[Data entries]

- - - - -

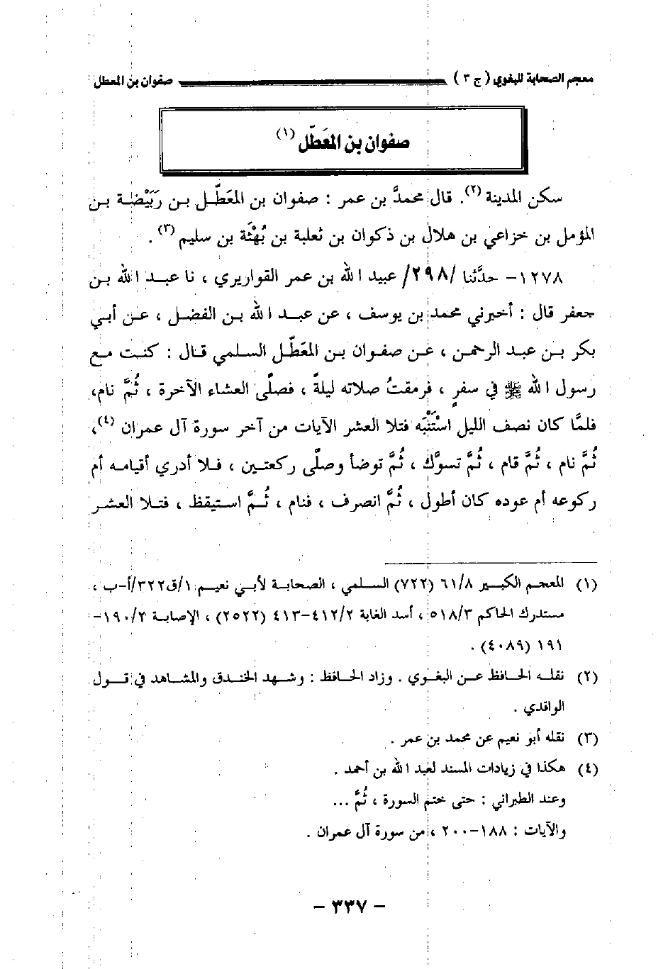 ١٢٧٨ - حدثنا //٢٩٨// عبيد الله بن عمر القواريري نا عبد الله بن جعفر قال: أخبرني محمد بن يوسف عن عبد الله بن الفضل عن أبي بكر بن عبد الرحمن عن صفوان بن المعطل السلمي قال: كنت مع رسول الله صلى الله عليه وسلم في سفر فرمقت صلاته ليلة فصلى العشاء الآخرة ثم نام فلما كان نصف الليل استنبه فتلا العشر الآيات من آخر سورة آل عمران ثم نام ثم قام ثم تسوك ثم توضأ وصلى ركعتين فلا أدري أقيامه ام ركوعه أم عوده كان أطول ثم انصرف فنام ثم استيقظ فتلا العشر
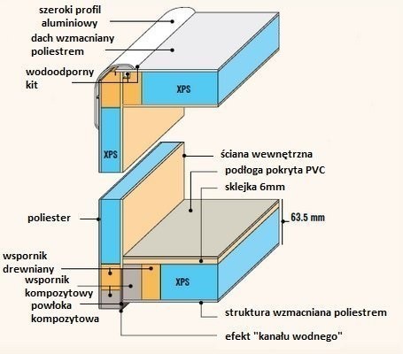 - Nadwozie wykonane z polyestru (dach oraz boczne ściany). System GRP/GFK - użycie żywicy z włóknem szklanym zapewnia większą odporność na gradobicie (w porównaniu do blachy aluminiowej). Technologia tego typu umożliwia również łatwiejsze naprawienie poszycia w wyniku wszelkiego rodzaju uszkodzeń.
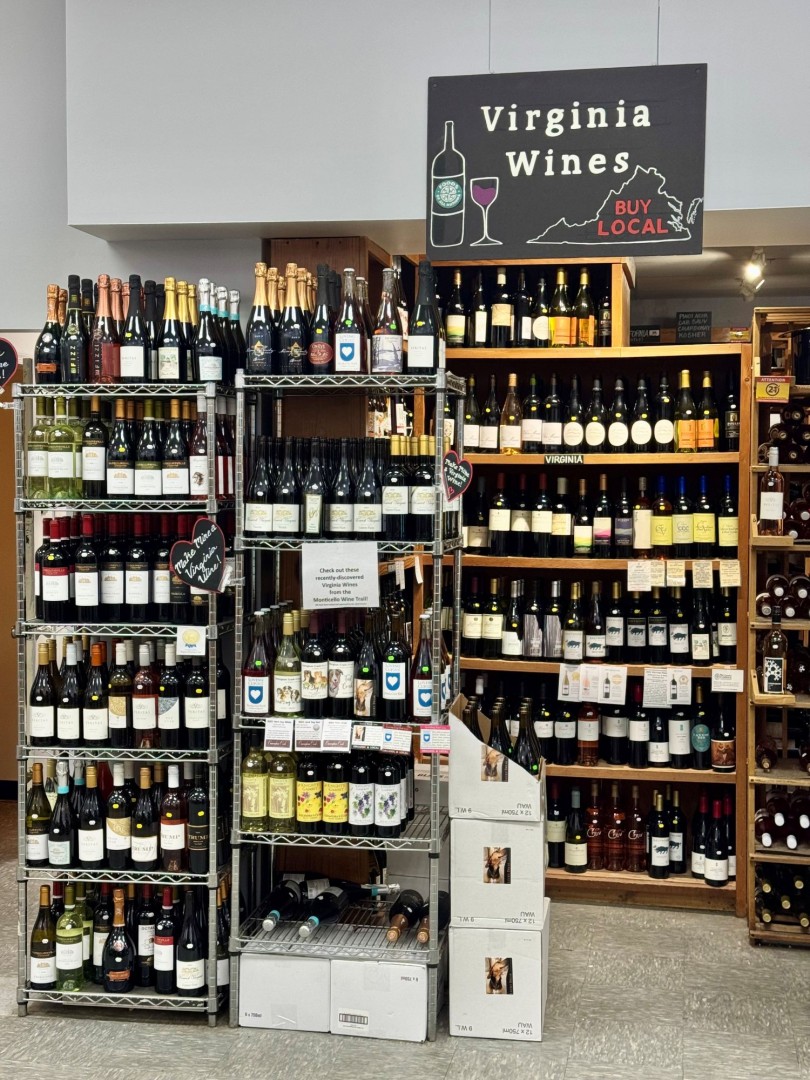 Discover our carefully curated wine selection, ranging from local Virginia vineyards to celebrated international labels and hidden gems. We take pride in offering one of the best selections in Charlottesville, including an extensive range of sake, non-alcoholic and Kosher wines. Whether pairing with dinner or celebrating a special occasion, we provide options to suit every budget and palate. Customers are always welcome to ask for Hope, our resident "Wine Lady," for personalized recommendations.
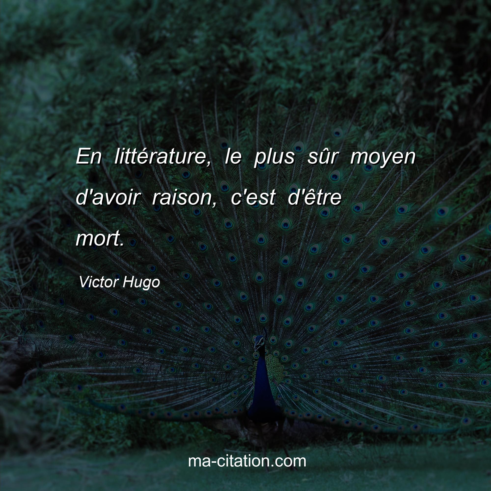 Citation sur la vie de Victor Hugo :En littérature, le plus sûr moyen d'avoir raison, c'est d'être mort.
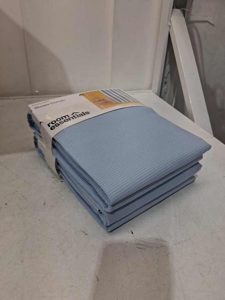 2pk ROOM ESSENTIALS MACHINE WASHABLE SHOWER CURTAIN - 72" X 72" - blue WAFFLE WEAVe
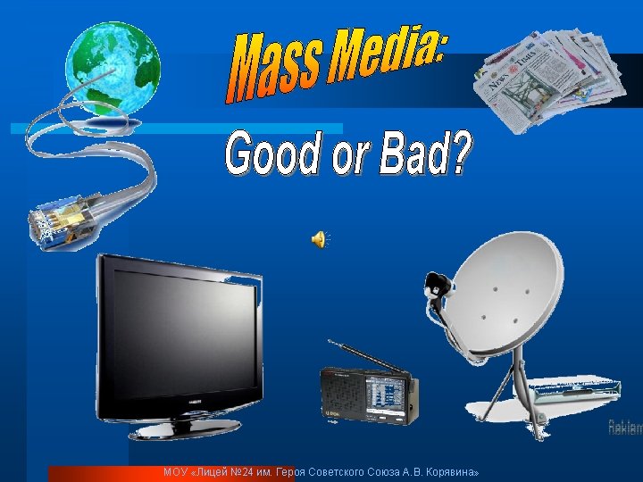 The aims 1. To tell about different kinds of Mass Media. 2. To show the advantages and disadvantages of different Mass Media. 3. To make all teenagers believe that the media brings people closer to each other. 4. To show the difference of Press in Russia and in the UK. МОУ"Лицей № 24 им. Героя Советского Союза А. В. Корявина"
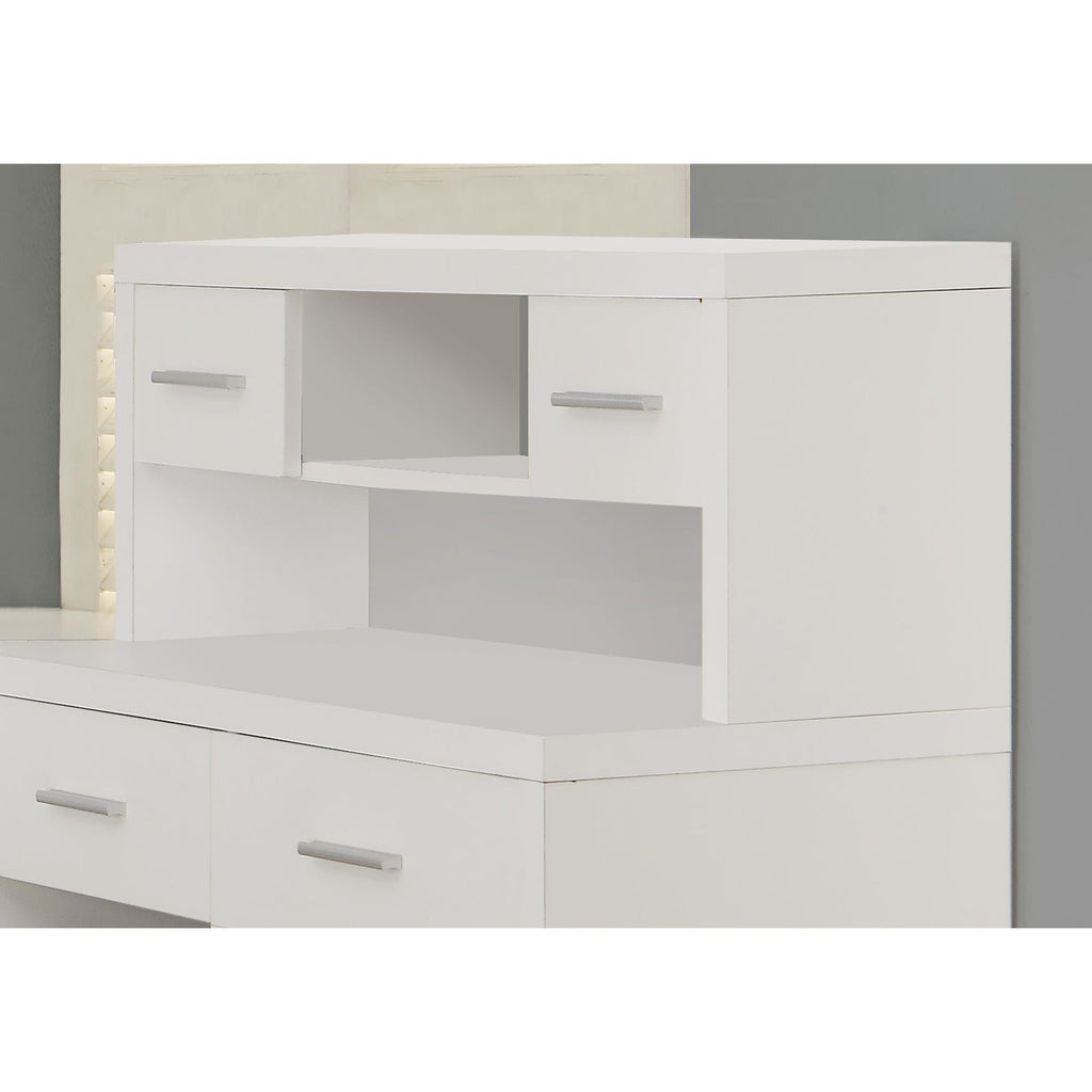 White finish; Eight drawers; Dimensions for Computer desk: 47"W x 31"H x 24"D; Desk and Hutch: 36"W x 43"H x 16"D; Corner piece: 24"w x 15"D; Open shelves
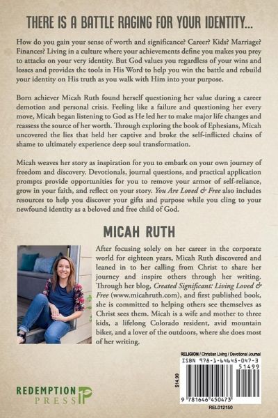There is a battle raging for your identity . . . How do you gain your sense of worth and significance? Career? Kids? Marriage? Finances? Living in a culture where your achievements define you makes you prey to attacks on your very identity. But God values you regardless of your wins and losses and provides the tools in His Word to help you win the battle and rebuild your identity on His truth as you walk with Him into your purpose. Born achiever Micah Ruth found herself questioning her value during a career demotion and personal crisis. Feeling like a failure and questioning her every move, Micah began listening to God as He led her to make major life changes and reassess the source of her worth. Through exploring the book of Ephesians, she uncovered the lies that held her captive, and she broke the self-inflicted chains of shame to ultimately experience deep soul transformation. Micah weaves her story as inspiration for you to embark on your own journey of freedom and discovery. Devotionals, journal questions, and practical application prompts provide opportunities for you to remove your armor of self-reliance, grow in your faith, and reflect on your story. You Are Loved & Free also includes resources to help you discover your gifts and purpose while you cling to your newfound identity as a beloved and free child of God.

- - - - -

WHAT THE TASK ASKS
Output all of the records word for word, and keep the pictures out of the copy.

TASK RESULT
 ١٢٧٨ - حدثنا //٢٩٨// عبيد الله بن عمر القواريري نا عبد الله بن جعفر قال: أخبرني محمد بن يوسف عن عبد الله بن الفضل عن أبي بكر بن عبد الرحمن عن صفوان بن المعطل السلمي قال: كنت مع رسول الله صلى الله عليه وسلم في سفر فرمقت صلاته ليلة فصلى العشاء الآخرة ثم نام فلما كان نصف الليل استنبه فتلا العشر الآيات من آخر سورة آل عمران ثم نام ثم قام ثم تسوك ثم توضأ وصلى ركعتين فلا أدري أقيامه ام ركوعه أم عوده كان أطول ثم انصرف فنام ثم استيقظ فتلا العشر
 - Nadwozie wykonane z polyestru (dach oraz boczne ściany). System GRP/GFK - użycie żywicy z włóknem szklanym zapewnia większą odporność na gradobicie (w porównaniu do blachy aluminiowej). Technologia tego typu umożliwia również łatwiejsze naprawienie poszycia w wyniku wszelkiego rodzaju uszkodzeń.
 Discover our carefully curated wine selection, ranging from local Virginia vineyards to celebrated international labels and hidden gems. We take pride in offering one of the best selections in Charlottesville, including an extensive range of sake, non-alcoholic and Kosher wines. Whether pairing with dinner or celebrating a special occasion, we provide options to suit every budget and palate. Customers are always welcome to ask for Hope, our resident "Wine Lady," for personalized recommendations.
 Citation sur la vie de Victor Hugo :En littérature, le plus sûr moyen d'avoir raison, c'est d'être mort.
 2pk ROOM ESSENTIALS MACHINE WASHABLE SHOWER CURTAIN - 72" X 72" - blue WAFFLE WEAVe
 The aims 1. To tell about different kinds of Mass Media. 2. To show the advantages and disadvantages of different Mass Media. 3. To make all teenagers believe that the media brings people closer to each other. 4. To show the difference of Press in Russia and in the UK. МОУ"Лицей № 24 им. Героя Советского Союза А. В. Корявина"
 White finish; Eight drawers; Dimensions for Computer desk: 47"W x 31"H x 24"D; Desk and Hutch: 36"W x 43"H x 16"D; Corner piece: 24"w x 15"D; Open shelves
There is a battle raging for your identity . . . How do you gain your sense of worth and significance? Career? Kids? Marriage? Finances? Living in a culture where your achievements define you makes you prey to attacks on your very identity. But God values you regardless of your wins and losses and provides the tools in His Word to help you win the battle and rebuild your identity on His truth as you walk with Him into your purpose. Born achiever Micah Ruth found herself questioning her value during a career demotion and personal crisis. Feeling like a failure and questioning her every move, Micah began listening to God as He led her to make major life changes and reassess the source of her worth. Through exploring the book of Ephesians, she uncovered the lies that held her captive, and she broke the self-inflicted chains of shame to ultimately experience deep soul transformation. Micah weaves her story as inspiration for you to embark on your own journey of freedom and discovery. Devotionals, journal questions, and practical application prompts provide opportunities for you to remove your armor of self-reliance, grow in your faith, and reflect on your story. You Are Loved & Free also includes resources to help you discover your gifts and purpose while you cling to your newfound identity as a beloved and free child of God.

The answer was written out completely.